▶ Data in this exercise
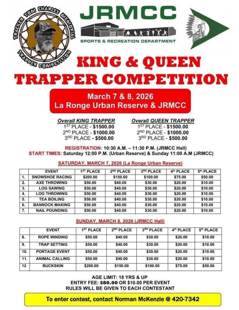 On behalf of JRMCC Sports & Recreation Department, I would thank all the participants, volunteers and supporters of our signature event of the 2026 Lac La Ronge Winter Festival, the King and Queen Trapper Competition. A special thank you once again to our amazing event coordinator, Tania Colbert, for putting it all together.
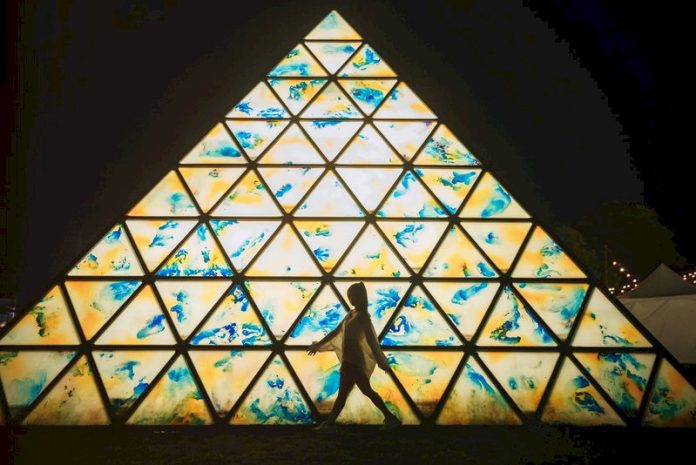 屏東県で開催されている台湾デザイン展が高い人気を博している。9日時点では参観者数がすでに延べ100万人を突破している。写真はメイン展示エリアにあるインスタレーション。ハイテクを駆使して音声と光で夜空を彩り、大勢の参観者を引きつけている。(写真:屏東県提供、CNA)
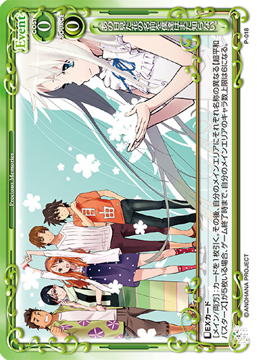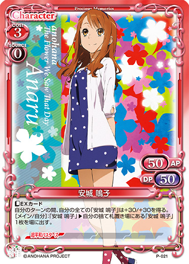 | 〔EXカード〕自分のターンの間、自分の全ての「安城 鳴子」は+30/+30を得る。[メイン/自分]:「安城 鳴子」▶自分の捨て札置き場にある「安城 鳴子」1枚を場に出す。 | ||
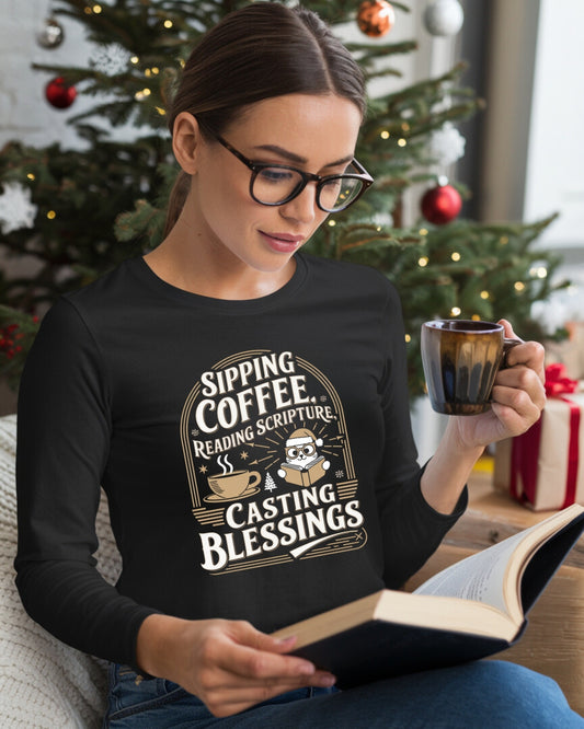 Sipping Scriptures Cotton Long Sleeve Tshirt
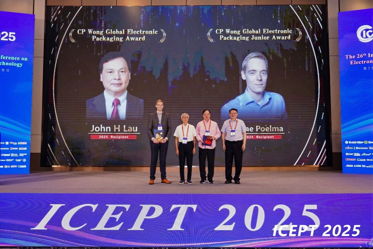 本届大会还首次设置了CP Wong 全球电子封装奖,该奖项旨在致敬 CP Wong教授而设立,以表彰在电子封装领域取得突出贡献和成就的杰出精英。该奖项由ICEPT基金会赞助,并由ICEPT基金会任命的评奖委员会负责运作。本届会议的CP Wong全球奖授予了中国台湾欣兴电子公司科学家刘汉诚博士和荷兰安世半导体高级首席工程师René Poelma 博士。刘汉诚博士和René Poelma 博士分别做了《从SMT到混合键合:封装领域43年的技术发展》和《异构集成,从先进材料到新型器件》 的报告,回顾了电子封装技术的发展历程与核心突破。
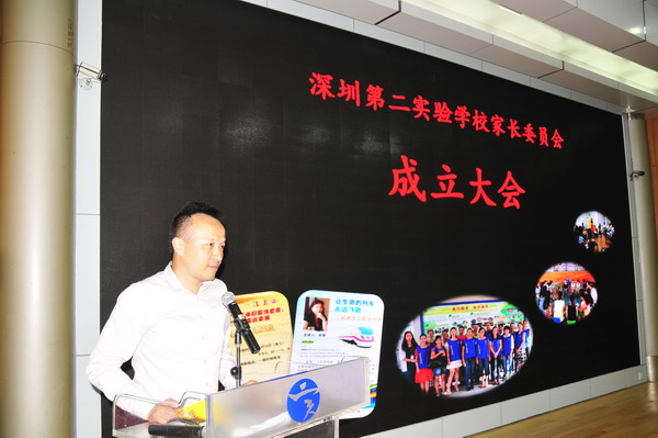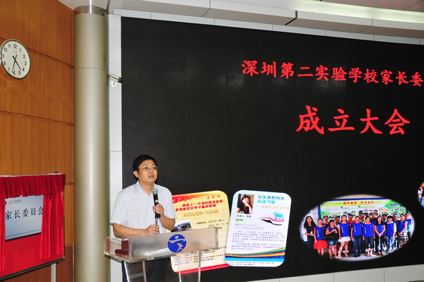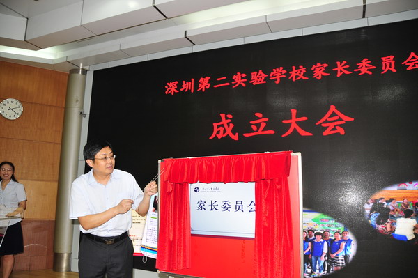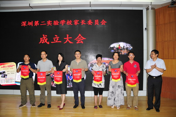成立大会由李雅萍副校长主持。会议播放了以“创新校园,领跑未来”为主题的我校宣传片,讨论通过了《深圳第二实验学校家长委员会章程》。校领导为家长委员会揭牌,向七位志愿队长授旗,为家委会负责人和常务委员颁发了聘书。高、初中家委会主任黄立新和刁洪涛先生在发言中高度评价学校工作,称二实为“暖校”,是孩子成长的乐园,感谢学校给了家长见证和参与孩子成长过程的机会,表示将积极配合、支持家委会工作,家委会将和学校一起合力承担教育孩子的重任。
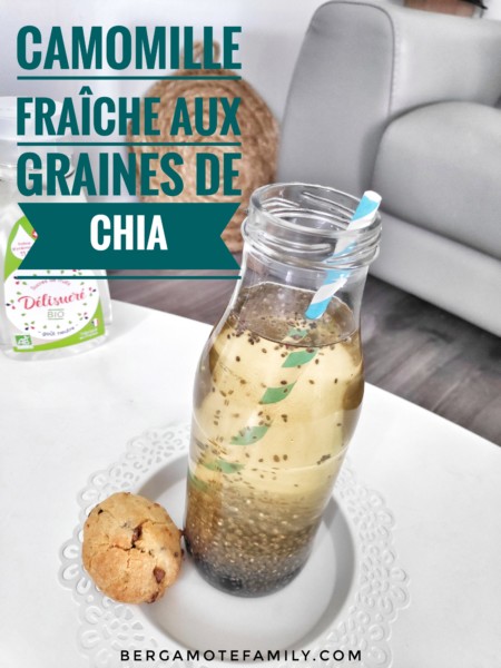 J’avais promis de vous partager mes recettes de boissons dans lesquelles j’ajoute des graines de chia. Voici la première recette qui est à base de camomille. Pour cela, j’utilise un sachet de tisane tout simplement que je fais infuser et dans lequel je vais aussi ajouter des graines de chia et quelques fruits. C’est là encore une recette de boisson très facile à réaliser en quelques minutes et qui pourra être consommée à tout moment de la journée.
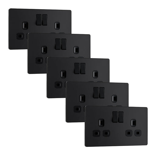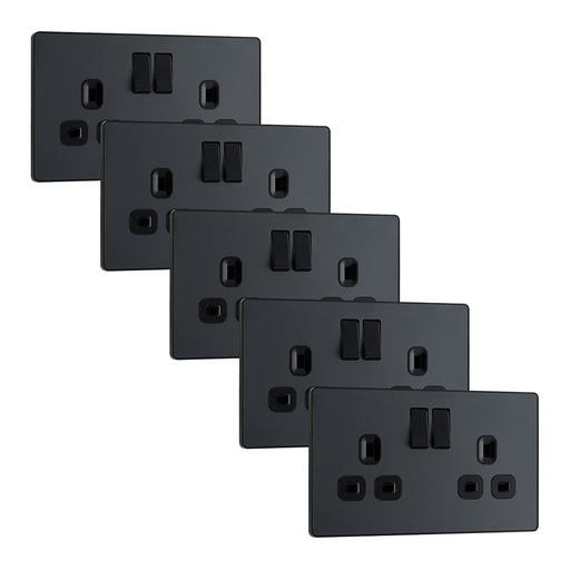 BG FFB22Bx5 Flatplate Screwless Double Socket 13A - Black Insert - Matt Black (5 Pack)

* * *

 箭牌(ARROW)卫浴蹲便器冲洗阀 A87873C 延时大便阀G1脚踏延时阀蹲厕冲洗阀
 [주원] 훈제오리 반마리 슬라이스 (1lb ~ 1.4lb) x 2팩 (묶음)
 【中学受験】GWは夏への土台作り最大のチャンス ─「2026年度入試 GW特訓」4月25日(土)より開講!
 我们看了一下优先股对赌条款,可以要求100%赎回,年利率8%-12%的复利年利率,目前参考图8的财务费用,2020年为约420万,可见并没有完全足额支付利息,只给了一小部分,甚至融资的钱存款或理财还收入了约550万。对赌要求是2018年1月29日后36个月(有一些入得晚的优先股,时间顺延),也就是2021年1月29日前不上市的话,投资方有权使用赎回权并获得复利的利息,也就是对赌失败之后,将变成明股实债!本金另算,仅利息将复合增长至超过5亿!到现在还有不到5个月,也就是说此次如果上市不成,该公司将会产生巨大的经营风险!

* * *

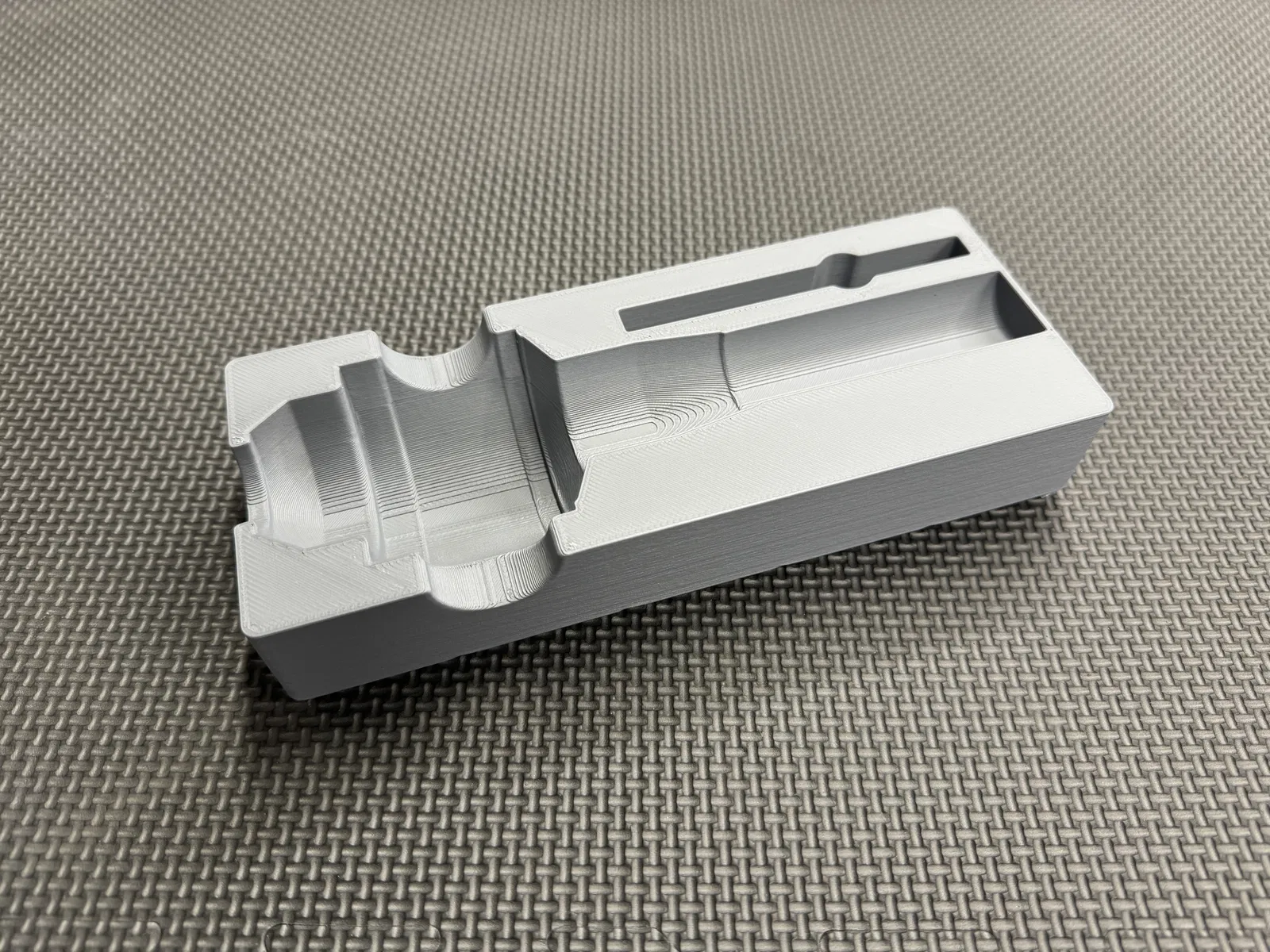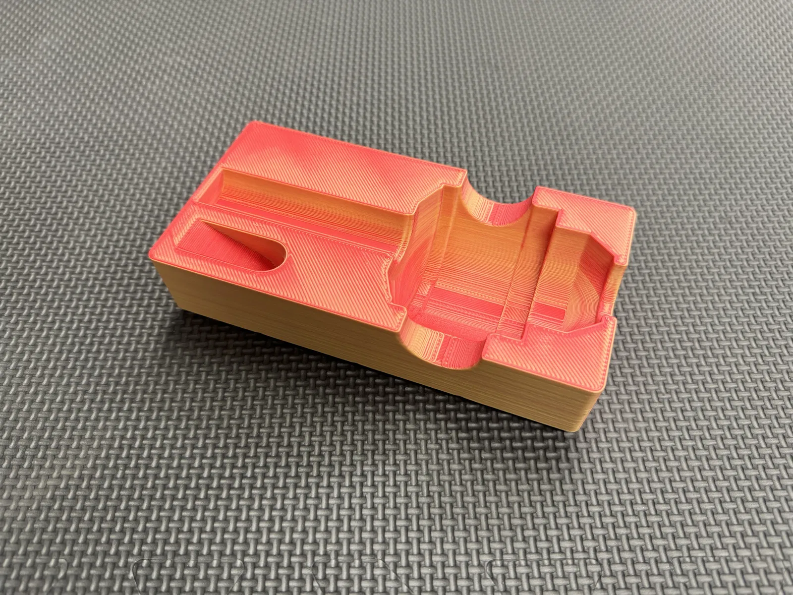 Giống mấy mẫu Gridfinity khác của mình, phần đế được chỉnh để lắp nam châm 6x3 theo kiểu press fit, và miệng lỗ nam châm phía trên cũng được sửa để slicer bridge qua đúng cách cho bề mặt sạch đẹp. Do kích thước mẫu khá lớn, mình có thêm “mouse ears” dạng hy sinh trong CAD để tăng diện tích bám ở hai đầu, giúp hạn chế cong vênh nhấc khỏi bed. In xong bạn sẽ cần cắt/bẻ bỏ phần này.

▶ Task goal
From the listing above, please give again the lines that begin with the line holding "On behalf of" and go on through the line holding "屏東県で開催されている台湾デ", exactly, both ends included, minus any picture.

▶ Response area
 On behalf of JRMCC Sports & Recreation Department, I would thank all the participants, volunteers and supporters of our signature event of the 2026 Lac La Ronge Winter Festival, the King and Queen Trapper Competition. A special thank you once again to our amazing event coordinator, Tania Colbert, for putting it all together.
 屏東県で開催されている台湾デザイン展が高い人気を博している。9日時点では参観者数がすでに延べ100万人を突破している。写真はメイン展示エリアにあるインスタレーション。ハイテクを駆使して音声と光で夜空を彩り、大勢の参観者を引きつけている。(写真:屏東県提供、CNA)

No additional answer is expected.